Typical Student Debt at California State University-Stanislaus

Graduating and withdrawing students at Stan State carry a median federal debt of $11,750 of cumulative federal debt.

Borrower groupMedian federal debt
All federal borrowers$11,750
Students who completed (graduates)$13,540
Students who withdrew$9,000

The figure for students who withdrew is worth watching: debt without a completed credential is the hardest to repay.

Debt Spread by Percentile

Half of all borrowers fall between the 25th and 75th percentiles shown below for Stan State.

PercentileCumulative Federal Debt
10th percentile (lowest-debt students)$3,000
25th percentile$5,500
75th percentile$21,950
90th percentile (highest-debt students)$31,000

The spread between the lowest- and highest-debt deciles summarizes how variable outcomes are at Stan State.

Total Federal Debt With PLUS Loans for California State University-Stanislaus

PLUS loans — taken out by parents or graduate students — add to the total cost of attendance financed by debt at Stan State.

GroupBorrowersMedian debt incl. PLUS
All borrowers469$12,000
Completed (graduates)295$12,700
Did not complete174$11,000

For students who completed, the median total debt including PLUS loans works out to a standard 10-year payment of about $151.02/mo.

Borrowing by Loan Type at California State University-Stanislaus

Stafford loans are the federal direct-loan program most undergraduates use. The breakdown below separates borrowers who used Stafford loans from those who did not at Stan State.

Any-Stafford Borrowers

CohortBorrowersMedian debt incl. PLUS
Used a Stafford loan451
No Stafford loan18

Current-Year Stafford Borrowers

CohortBorrowersMedian debt incl. PLUS
Stafford loan this year378$12,525
No Stafford loan this year91$10,000

Estimated Repayment for California State University-Stanislaus

These figures turn the debt totals into a monthly repayment picture for Stan State.

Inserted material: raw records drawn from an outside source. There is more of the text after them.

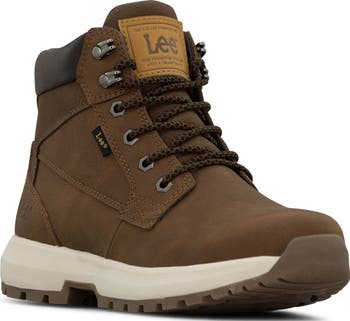 A denim and faux-leather upper grounded on a lugged sole bring rugged sophistication to a lace-up boot finished with a padded collar and insole for comfort.
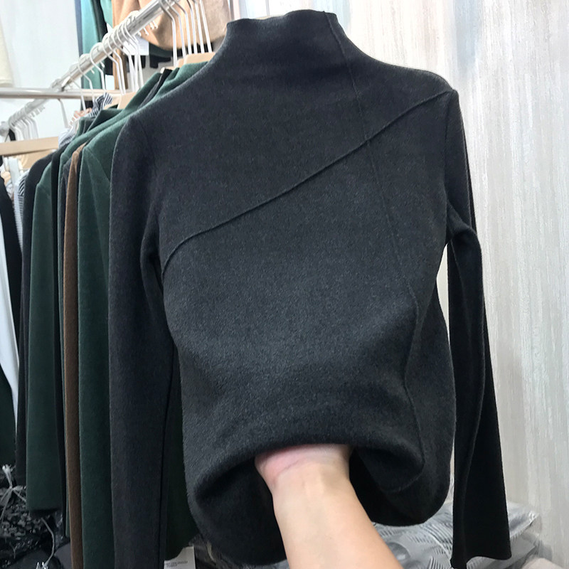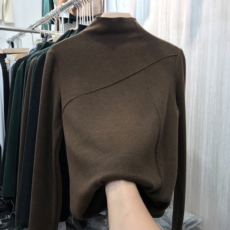 Double-sided De Velvet Western style semi-turtleneck base shirt women's autumn and winter with velvet thickened long-sleeved T-shirt brushed top tide
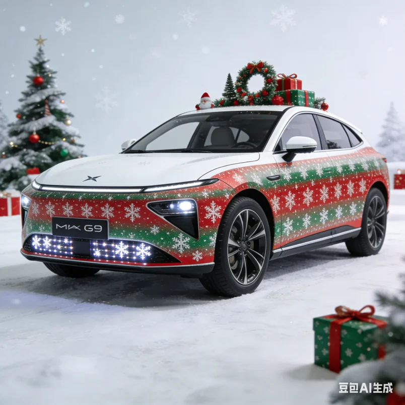 圣诞季怎么能少了专属仪式感!给我的小鹏换上了 AI 生成的圣诞涂装,红绿色彩碰撞超吸睛,车身上的雪花、圣诞树图案栩栩如生,行驶在路上回头率满满~
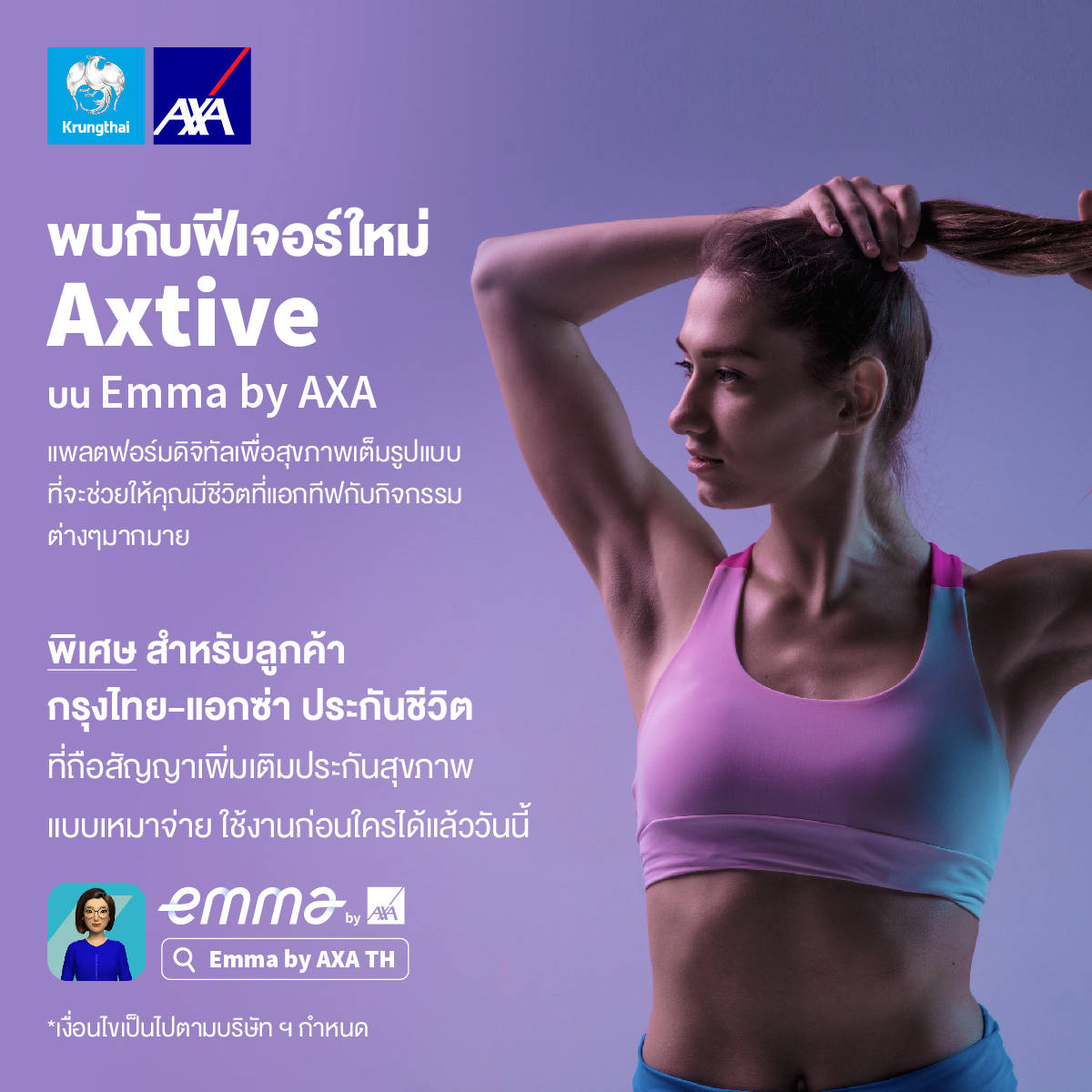 บมจ. กรุงไทย-แอกซ่า ประกันชีวิต ตอกย้ำการเป็นผู้นำด้านดิจิทัล เปิดตัว “Axtive” แพลตฟอร์มดิจิทัลเพื่อสุขภาพเต็มรูปแบบ (Digital Wellness Platform) ในแอปพลิเคชัน Emma by AXA ที่จะช่วยส่งเสริมการใช้ชีวิตที่แอกทีฟ ตัวช่วยสำคัญที่คอยติดตามและตรวจสอบสุขภาพของคุณ เพื่อให้คุณปรับเปลี่ยนไลฟ์สไตล์ให้มีสุขภาพที่ดีขึ้น และสอดคล้องกับกิจกรรมที่คุณต้องการทำในแต่ละวัน เพราะที่ กรุงไทย-แอกซ่า ประกันชีวิต เชื่อว่าการมีสุขภาพกาย สุขภาพจิตใจที่แข็งแรง จะเป็นพื้นฐานของการใช้ชีวิตอย่างมีความสุข

How Often Borrowers Default at California State University-Stanislaus

The default rate measures how many borrowers fall behind and ultimately fail to repay their federal loans. Two-year cohort default-rate data for Stan State follows.

MetricValue
2-year cohort default rate3.4%
Borrowers in the cohort1600

The cohort default rate tracks borrowers who entered repayment in a given year and defaulted within the two-year measurement window.

Who Borrows the Most at California State University-Stanislaus

Borrowing varies by family income, by first-generation status, and by dependency status.

Median Debt by Income Bracket

Income tierMedian federal debt
Low income$11,000
Middle income$10,986
High income$13,080

By First-Generation Status

CohortMedian federal debt
First-generation students$11,359
Continuing-generation students$12,509

Dependent vs Independent Borrowers

CohortMedian federal debt
Dependent students$11,000
Independent students$12,537

Borrowing Gaps Between Student Groups at California State University-Stanislaus

Federal data publishes the following gap measures for Stan State.

What to Know Before You Borrow

The Difference Between Subsidized and Unsubsidized Loans

With an unsubsidized loan, interest starts adding up the day the loan is disbursed, including during school. Subsidized loans, by contrast, do not accrue interest while you are enrolled at least half-time, which makes them the less expensive option when you qualify.

Important to Remember

Federal student loans are not discharged in bankruptcy in all but the rarest cases, and the government can withhold part of your income or tax refund if you default.

References

More about our data sources and methodologies.